Ultimately, you need flexibility over your fetching strategy and a one-size-fits-all approach is likely to be inefficient. Some approaches advocate defining an abstracted fetching strategy that can be passed into data methods but this may risk peppering your data access code with implementation detail.
Loose coupling is often more difficult to achieve than it may first appear. It is time consuming to implement, can create complexity and the benefits are not immediately obvious in a development project. That said, without loose coupling an application can become almost impossible to maintain over the long term.
These maintenance difficulties become particularly acute when different tiers of an application are closely bound together. Separate application tiers do not always evolve at the same rate and you are likely to want to be able to change particular implementations without creating a ripple effect throughout the system.
The Entity Framework does help in creating an abstraction between the physical database and data access code, but it’s important to isolate it from any other tiers in the application stack. A common anti-pattern is to expose DataSet objects directly to client applications as this ensures a tight bonding between the Entity Framework and the rest of the solution.
An application that interacts with your data should not need to know anything about the data access technology. The litmus test is whether your client applications need a reference to the Entity Framework to work. If you isolate your data access technology from your client applications then you are free to evolve their implementation free of any unnecessary dependencies.
The Entity Framework relies on a Data Context object to provide data access and these management of these objects is a common source of problems. Given that contexts can provide facilities to track changes to entities the temptation can be to keep them open for longer than you need to.
This is an anti-pattern as you should aim to use a context for a single operation and drop it as soon as you are finished. Without close control of the database context there is a risk that you will develop serious concurrency problems as your contexts start to conflict with each other.

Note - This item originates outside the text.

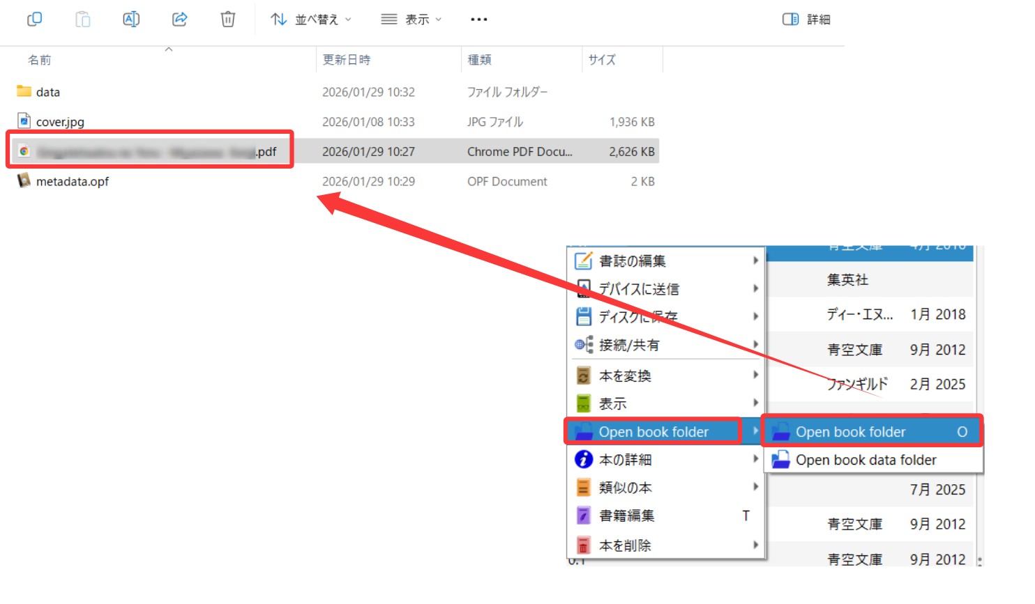解除後、DRMフリーのファイルは同じ書籍エントリに自動的に付与されるため、フォーマット変換、メタデータ編集、整理など、他の書籍と同様に扱えます。

This problem can be countered by using the Unit of Work pattern along with a Repository to regulate access to the database context. The Repository pattern exposes a consistent interface to consuming applications that is abstracted from the entity framework. The Unit of Work pattern in turn can be used to ensure the proper management of a single, consistent data context. Used together, these patterns help to ensure that you keep track of data operations and manage the way they are written to the database in a consistent way.
In a client-server solution, real problems can set in if you try and keep your context alive between different service calls. If you associate a context with a session you can track changes to entities by keeping the context alive between requests.
This approach may seem straightforward, but it creates a number of problems. For starters, managing contexts between service calls is a complex undertaking and it can create serious scalability issues as you spin up a new set of resources to service each client.
Keeping a client associated with a particular context object is an unnecessary overhead when a completely stateless approach will be easier on resources and give rise to a far less complex solution. If there is any information that needs to be persisted between service calls then you should consider managing this on the client rather than trying to maintain an affinity between sessions and contexts.